There are certain cells whose "NA" values will take "No" values per the dataset description.

Listing all such columns...

In [4]:
list_no = ['Alley', 'BsmtQual', 'BsmtCond', 'BsmtExposure', 'BsmtFinType1', 'BsmtFinType2',
          'FireplaceQu', 'GarageType', 'GarageFinish', 'GarageQual', 'GarageCond', 'PoolQC',
          'Fence']

In [5]:
# Checking if list_no defined above is a subset of list_na 
set(list_no).issubset(set(list_na))

True

In [6]:
df_tr = df.copy()

for j in list_no:
    df_tr[j].fillna("No", inplace=True)
    df_test[j].fillna("No", inplace=True)

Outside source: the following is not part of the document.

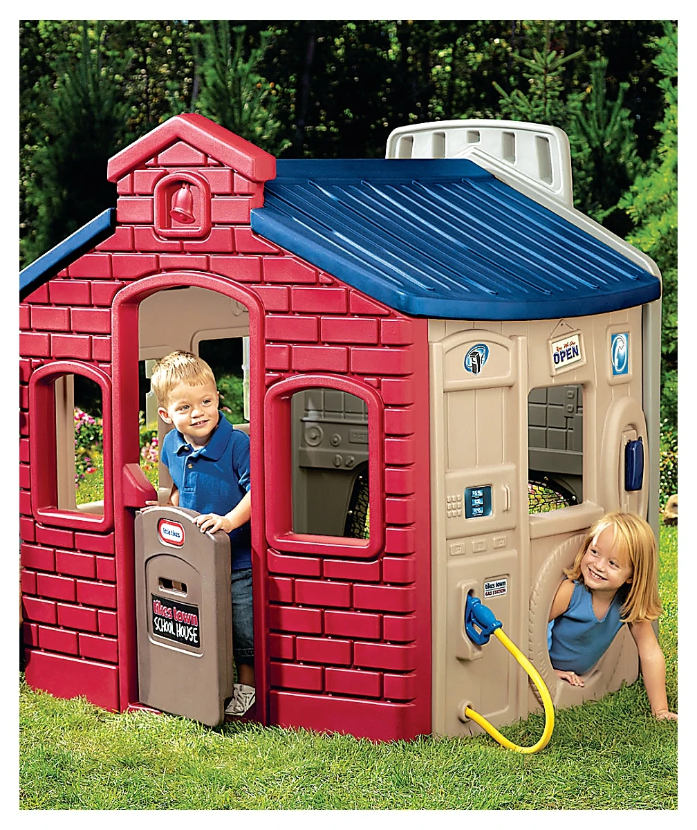 4 themawanden bieden veel extra speelplezier. Daardoor heb je met dit speelhuis meteen ook een sporthal, benzinestation, supermarkt en een schooltje in huis.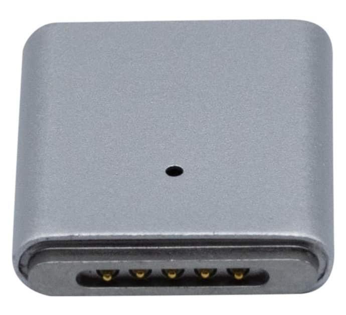 Adaptateur compact permettant d'utiliser un cordon USB-C de n'importe quelle longueur pour recharger un ordinateur Apple par MagSafe 3 depuis n'importe quelle source électrique et cordon USB-C supportant une puissance de charge de 140W

From above processing, few columns in "NA" list have been filled with "No" values per list list_no. Now, we will address missing values in remaining columns.

Getting list of remaining columns...

In [7]:
list_na_ = list(set(list_na) - set(list_no))
list_na_

['GarageYrBlt',
 'MasVnrType',
 'MasVnrArea',
 'LotFrontage',
 'Electrical',
 'MiscFeature']

In [8]:
# Printing datatype of remaining columns with "NA" values
for k in list_na_:
    print(df_tr[k].dtype)

float64
object
float64
float64
object
object


If column is of type "float64" or "int64", we will replace the null values by the mean of the column. 

For other datatypes, we will fill by mode.

Filling Null values in Training dataset...

In [9]:
for k in list_na_:
    if (df_tr[k].dtype =='float64') or (df_tr[k].dtype =='int64'):
        df_tr[k].fillna(df_tr[k].mean(), inplace=True)
    else:
        df_tr[k].fillna(df_tr[k].mode()[0], inplace=True)

We had filled "No" values in test dataset.

Filling null values for remaining columns in test dataset...

In [10]:
for k in df_test.columns:
    if df_test[k].dtype =='float64' or df_test[k].dtype =='int64':
        df_test[k].fillna(df_test[k].mean(), inplace=True)
    else:
        df_test[k].fillna(df_test[k].mode()[0], inplace=True)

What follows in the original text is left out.